Imagine an ambulance kit that quickly and accurately checks unprepared blood for indications of a heart attack without making EMS personnel wait for lab results. And what if the device also lets clinicians accurately diagnose and differentiate common cold, influenza, and avian flu, or check for multiple genetic or protein markers for different diseases at the same time. Impossible? New biomarker detection systems based on nanotags are said to provide a diagnostics platform that is turning rapid, reliable, multiple biomarker measurement into reality for clinical lab and patient care at the bedside, clinic, ambulance, and home.

Biomarkers, typically proteins, are associated with the presence and severity of specific diseases. Biomarkers are detectable and measurable at the molecular level by laboratory assays and specific imaging technologies such as Raman spectroscopy, a technique in which scattered light, usually from a laser, quantifies and qualifies the structure of matter.

Early detection-tag technologies

The first widely-used tags to keep track of biomarkers used radioactive labels such as I¹²⁵ within assay formats such as radioimmunoassay (RIA) tests for protein and small molecules. The RIA procedure involves measuring minute amounts of a tagged substance by determining how much binds to an antibody. The tags withstood interference from other compounds, but concerns about their stability and disposal limited their use.

Current technologies include fluorescent and chemiluminescent tags, which emit light as a result of a chemical reaction. However, the tags, while potentially sensitive, are prone to interference from components that naturally fluoresce. Such tags lack the reliability required for for diagnostic systems used for near-patient care. In addition, for clinical diagnostics, the tags can't handle the simultaneous measurement of multiple biomarkers (multiplex). This is increasingly important for more accurate disease diagnosis and therapeutic monitoring.

Biomarker-detection systems

Current biomarker systems also required improvements to support advances in tag technology and wider testing. Optimal systems must combine flexibility with short time-to-results and high throughput. A system must work well in a wide variety of applications from rapid near-patient devices to advanced continuous random-access hospital laboratory systems.

Systems must also be reliable and provide sufficient sensitivity to detect diseases early when biomarker levels may still be low (at pico-molar amounts). Reliability and sensitivity are critical because biomarkers are measured in complex biological fluids which contain many naturally occurring substances, such as flurophores, that can interfere with assay results. In addition, many diseases produce an abnormally high number of compounds that may interfere with biomarker detection. These compounds can include bilirubin, a reddish-yellow bile pigment derived from a component of haemoglobin, and lipids, organic compounds such as cholesterol and triglycerides or fat-transport systems.
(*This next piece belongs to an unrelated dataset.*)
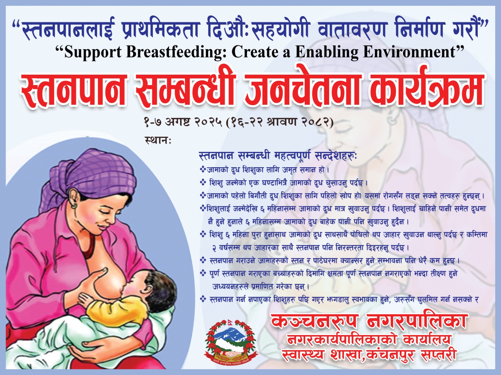 नेपालकै पहिलो पूर्ण स्तनपान नगरपालिका बन्ने तयारीमा कञ्चनरुप

An optimal system must also measure low-volume samples including whole blood, which has a complex biological matrix. Taking lower-volume samples is less invasive and stressful for patients, important in the long-term monitoring of chronic diseases such as infection and cancer, particularly in infants having low blood volumes.

SERS Nanotags

New technology such as SERS Nanotags from Oxonica Healthcare, Oxford, UK, are said to address the requirements for such next-generation systems. The nanotags exploit Raman scattering, using laser excitation to cause a “reporter“ molecule to provide biomarker information. Raman scattering has been recognized and highly documented for many years, but it has not previously been used in clinical diagnostics because of its weak signal, which compromises detection sensitivity and dynamic range. However, Raman scattering is amplified when the reporter molecule is in a nanoscale-proximity to a roughened metal surface, a phenomenon is known as Surface-Enhanced Raman Scattering (SERS). Gold is ideal for this task.

The company says it exploits this phenomena, manufacturing 50-nm gold beads (tags) for SERS applications. The tags are coated with a reporter compound and encapsulated with silica, or glass. This protects them from the biological matrix to be analyzed and provides an ideal surface for biomarker attachment. Typical assay formats use antibodies attached to the silica surface as tools to bind to the target biomarker. When the bead is exposed to infra-red light, it gives a unique signal that indicates how much of the biomarker is present.

Similarly, DNA stands, which may contain disease-specific information, may be attached to facilitate DNA assays, also known as molecular assays. The company says the tiny nanotags also have potential for imaging applications within living organisms.

Each reporter molecule has a unique SERS signal so a mixture of nano tags containing different reporters can be measured simultaneously. This feature is possible by coating specific antibodies or DNA strands onto the nano tags. For example, reporter molecule 1 is associated with DNA strand x, reporter molecule 2 with DNA stand y, and so on.

The company is working to validate the application of nanotags in a biomarker-detection system with potential for measuring extremely low levels of multiple biomarkers in blood-collection tubes. This avoids complex assay procedures such as plasma separation and washing.